# GIVEN DATA
+--
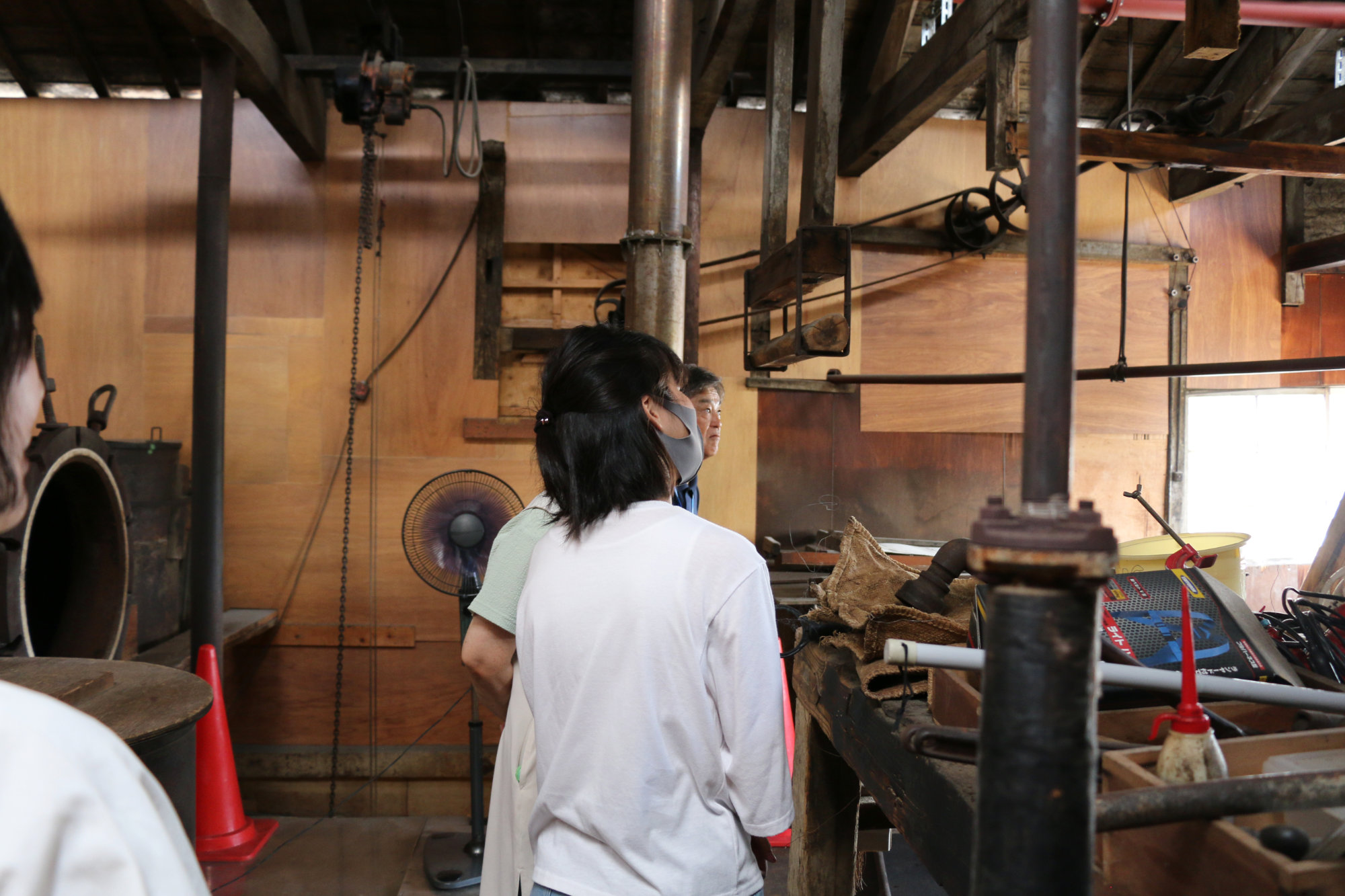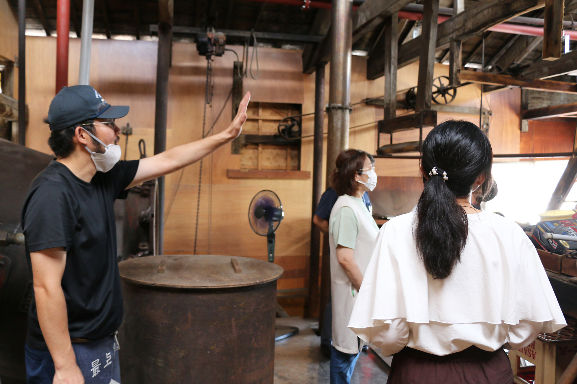 体験は約1時間半。最初に、醤油の歴史や「もろみ」についてのお話を聞いた後、昔ながらの木造の蔵の中へ。熟成中のもろみや、代々使われてきた道具を間近で見学できます。
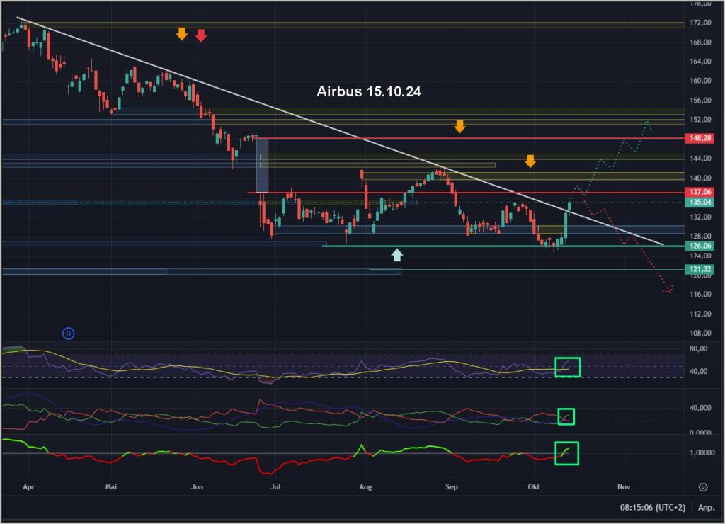 Das mögliche Szenario aufwärts habe ich skizziert, wobei es zwei massive Widerstände gibt, die bei 138€ und bei 148,30€ liegen.
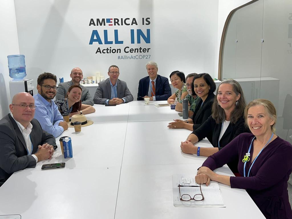 During our final full day at COP27, NCEL joined the ICLEI mayoral delegation to meet with Council on Environmental Quality (CEQ) Chair Brenda Mallory. NCEL delegation members spoke with Chair Mallory about the Biden Administration’s efforts to improve considerations of climate in infrastructure and permitting, general infrastructure needs throughout the U.S., and strategies for increased communication between subnational governments and the federal government in the U.S.
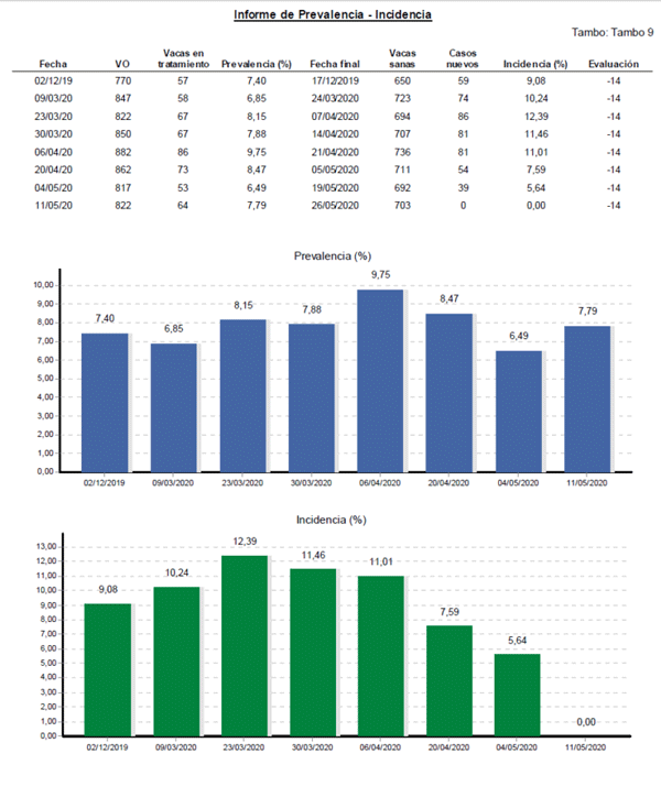 Nuestro colega, el Veterinario Sergio Castro, está trabajando con un Programa de Computación especialmente desarrollado para facilitar el manejo de las MC, su registro y análisis de la información. Más abajo hay un cuadro y dos gráficos que sirven como ejemplo de datos de Prevalencia e Incidencia que son muy útiles para el seguimiento de la enfermedad para el veterinario, productor y ordeñadores, que surgen de dicho programa.
+--
# EXERCISE INSTRUCTIONS
In transcribing the material above, reproduce each line exactly and include none of the pictures.

# ANSWER BOX
 体験は約1時間半。最初に、醤油の歴史や「もろみ」についてのお話を聞いた後、昔ながらの木造の蔵の中へ。熟成中のもろみや、代々使われてきた道具を間近で見学できます。
 Das mögliche Szenario aufwärts habe ich skizziert, wobei es zwei massive Widerstände gibt, die bei 138€ und bei 148,30€ liegen.
 During our final full day at COP27, NCEL joined the ICLEI mayoral delegation to meet with Council on Environmental Quality (CEQ) Chair Brenda Mallory. NCEL delegation members spoke with Chair Mallory about the Biden Administration’s efforts to improve considerations of climate in infrastructure and permitting, general infrastructure needs throughout the U.S., and strategies for increased communication between subnational governments and the federal government in the U.S.
 Nuestro colega, el Veterinario Sergio Castro, está trabajando con un Programa de Computación especialmente desarrollado para facilitar el manejo de las MC, su registro y análisis de la información. Más abajo hay un cuadro y dos gráficos que sirven como ejemplo de datos de Prevalencia e Incidencia que son muy útiles para el seguimiento de la enfermedad para el veterinario, productor y ordeñadores, que surgen de dicho programa.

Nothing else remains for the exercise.